11. Installation according to claim 9 or 10, characterized in that it comprises a thermal pretreatment enclosure (184) arranged upstream of said anaerobic digestion unit (110) so that said first part of the organic waste intended for entering said anaerobic digestion unit (110) passes through said thermal pretreatment enclosure (184).

12. Installation according to any one of claims 9 to 11, characterized in that: at least one of said enclosures of said anaerobic digestion unit is heated using a heat transfer liquid; said thermal pretreatment chamber is heated using a heat transfer liquid; said aerobic composting enclosure is cooled by a heat transfer liquid; the heat recovered from said aerobic composting enclosure is used to heat at least one of said enclosures of said anaerobic digestion unit and/or said thermal pretreatment enclosure is heated using a heat transfer liquid.

13. Installation according to claim 11 or 12, characterized in that it comprises a burner configured to burn the energy fraction of the biogas produced by said anaerobic digestion chamber, said burner being configured to heat a heat transfer fluid which is in thermal communication with at least one of said enclosures of said anaerobic digestion unit and/or with said thermal pretreatment enclosure.

14. Installation according to claim 13, characterized in that said burner is associated with an electrical energy generating device, and preferably configured so that said electrical energy generating device can supply said installation with electrical energy, for some or all of its needs.

15. Installation according to any one of claims 9 to 14, characterized in that it comprises a plurality of sensors configured to deliver data, installed in the enclosures of the anaerobic digestion unit, and in that said installation is configured to use said data in real time and at each stage of the anaerobic digestion process to inject determined quantities of humic percolates.

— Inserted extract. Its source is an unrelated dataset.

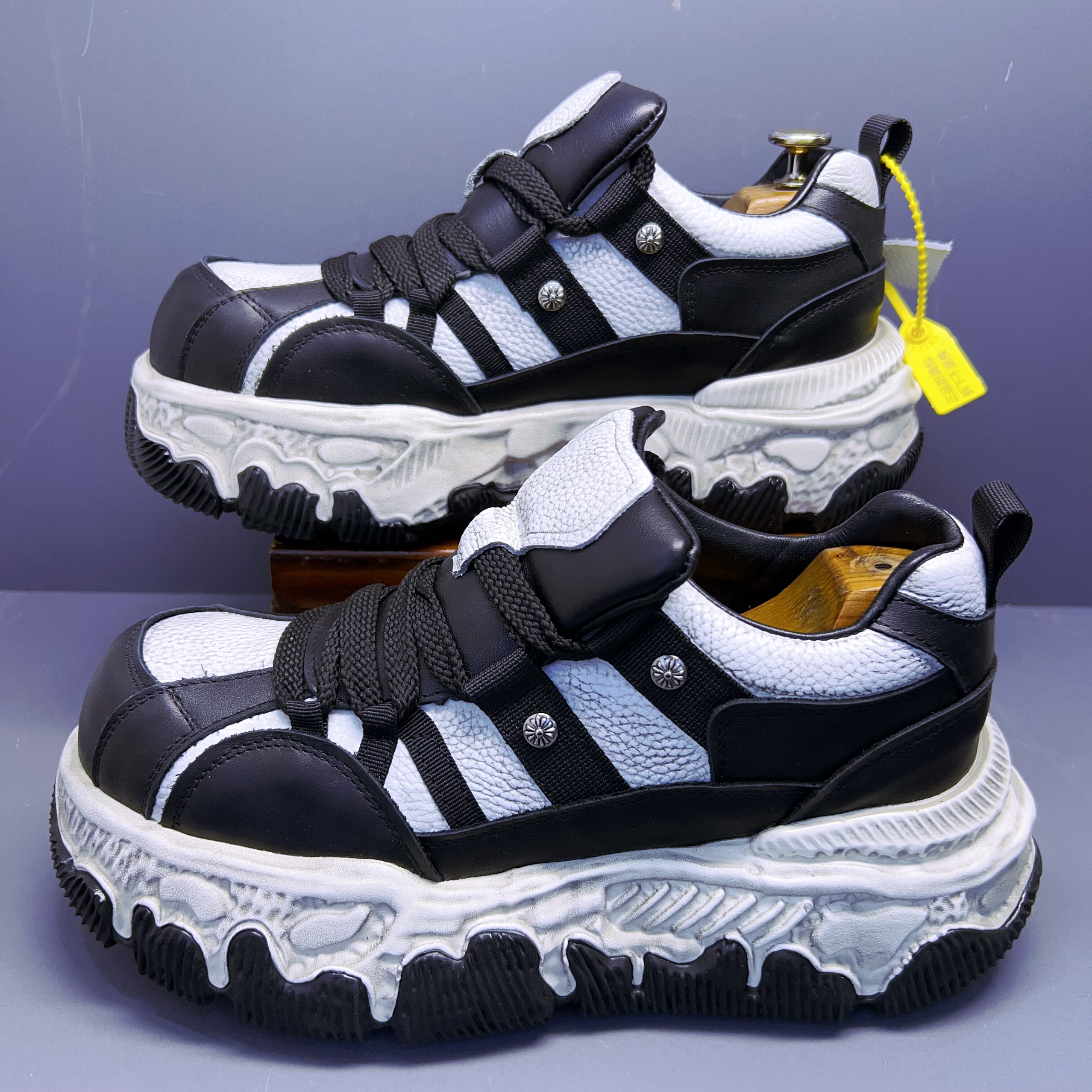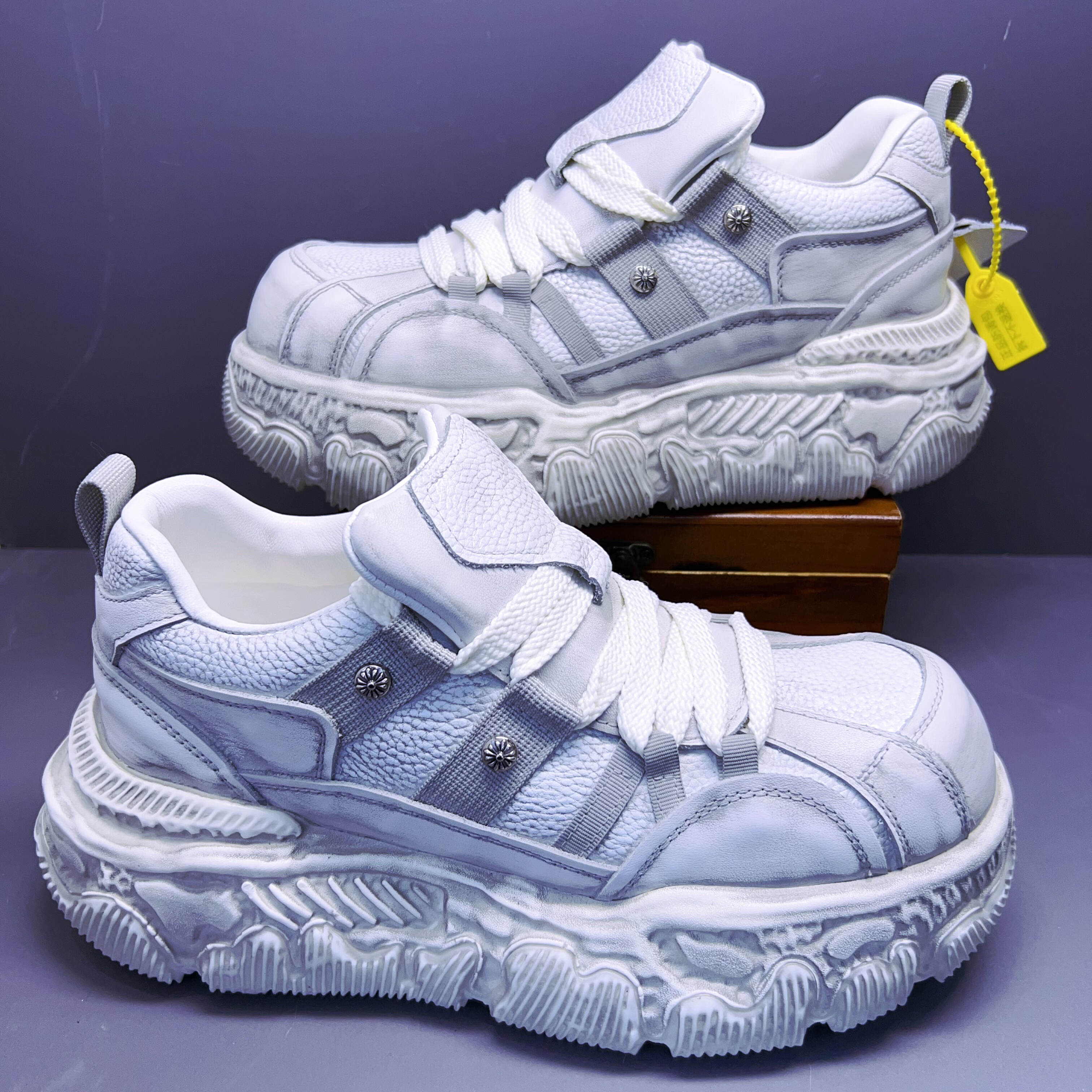 欧货头层牛皮大头面包鞋男厚底松糕鞋百搭增高老爹鞋运动休闲板鞋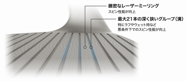 最大で21本の深く狭い高精度設計グルーブが強烈なスピンを生み出し、特にラフやウエット時など悪条件下でも優れたスピンコントロール性能を発揮します。

16. Installation according to claim 15, characterized in that it is configured to recirculate the percolates recovered in the lower part of a composting enclosure in said composting enclosure in order to maintain the relative humidity level necessary for the composting phases, and for settling and possibly stabilizing the humic percolates by air bubbling before their recovery or reinjection into the methane digestion enclosure.